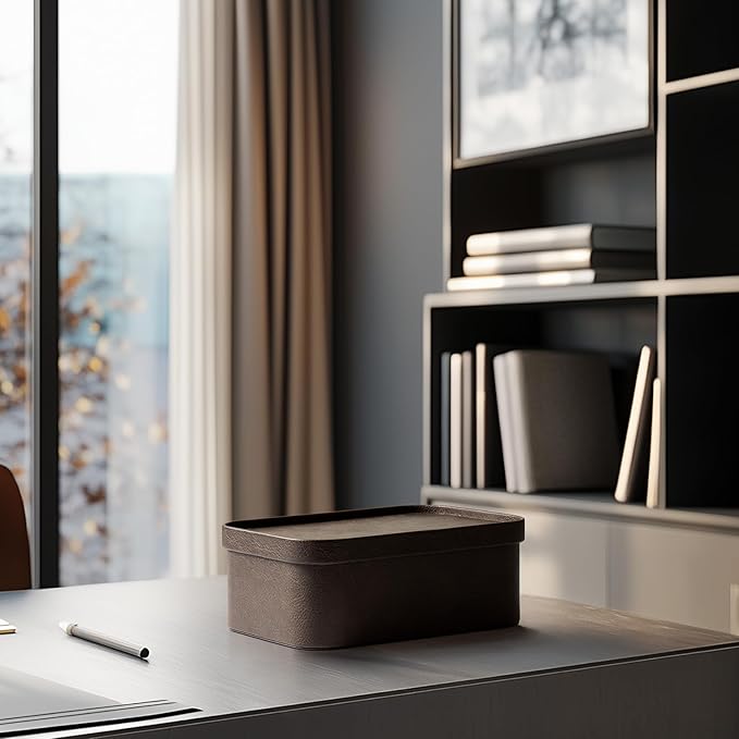 - SUSTAINABLE STYLE MEETS URBAN CHIC: Unleash your inner design maven with our game-changing storage boxes. Dressed in a luxe mocha vegan leather that screams sophistication, these eco-friendly beauties are more than just storage—they're a lifestyle statement. Crafted from premium MDF and wrapped in buttery-smooth vegan leather, these boxes are your ticket to clutter-free, Instagram-worthy spaces
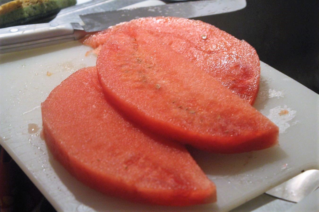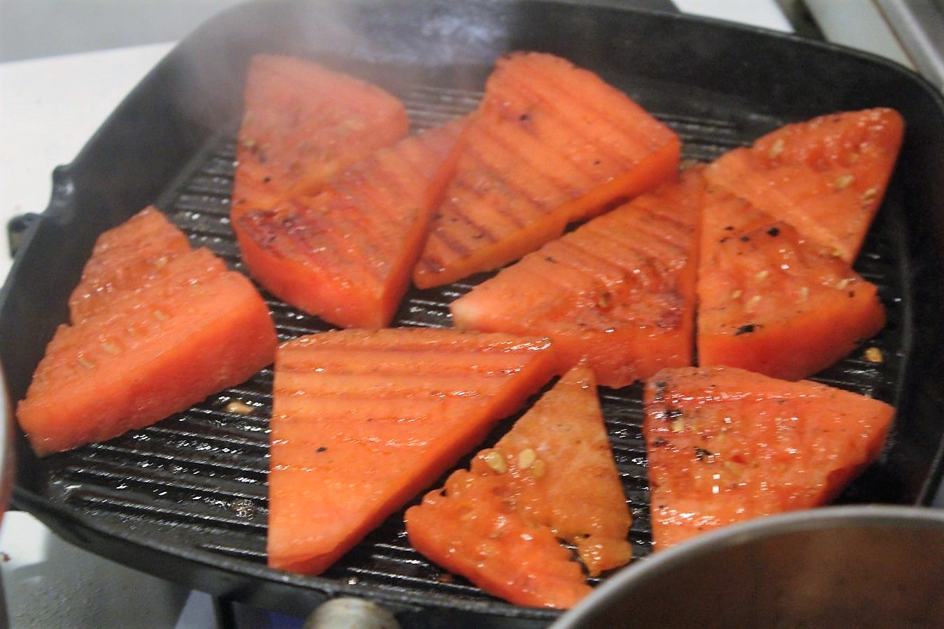 gegrillte Melone mit Lauchzwiebeln (anklicken)
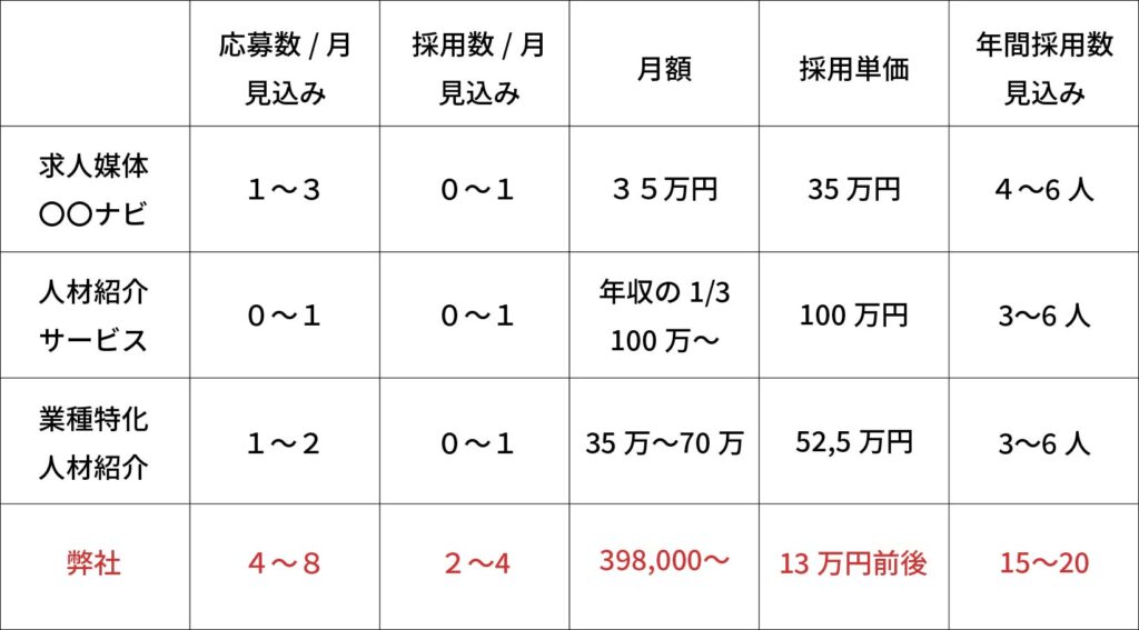 弊社は月額制ですが採用率が高いので他社が人材紹介サービスで1人採用する35万円で約3人ほど採用することができます。そうすれば採用単価は他媒体の約1/3なので圧倒的なコストパフォーマンスが実現できます

-=-=-

▶ _WORK ORDER_: Please print all the data above word for word. Pictures should not appear in the copy.

▶ _SOLUTION FOR THIS EXERCISE_:
 - SUSTAINABLE STYLE MEETS URBAN CHIC: Unleash your inner design maven with our game-changing storage boxes. Dressed in a luxe mocha vegan leather that screams sophistication, these eco-friendly beauties are more than just storage—they're a lifestyle statement. Crafted from premium MDF and wrapped in buttery-smooth vegan leather, these boxes are your ticket to clutter-free, Instagram-worthy spaces
 gegrillte Melone mit Lauchzwiebeln (anklicken)
 弊社は月額制ですが採用率が高いので他社が人材紹介サービスで1人採用する35万円で約3人ほど採用することができます。そうすれば採用単価は他媒体の約1/3なので圧倒的なコストパフォーマンスが実現できます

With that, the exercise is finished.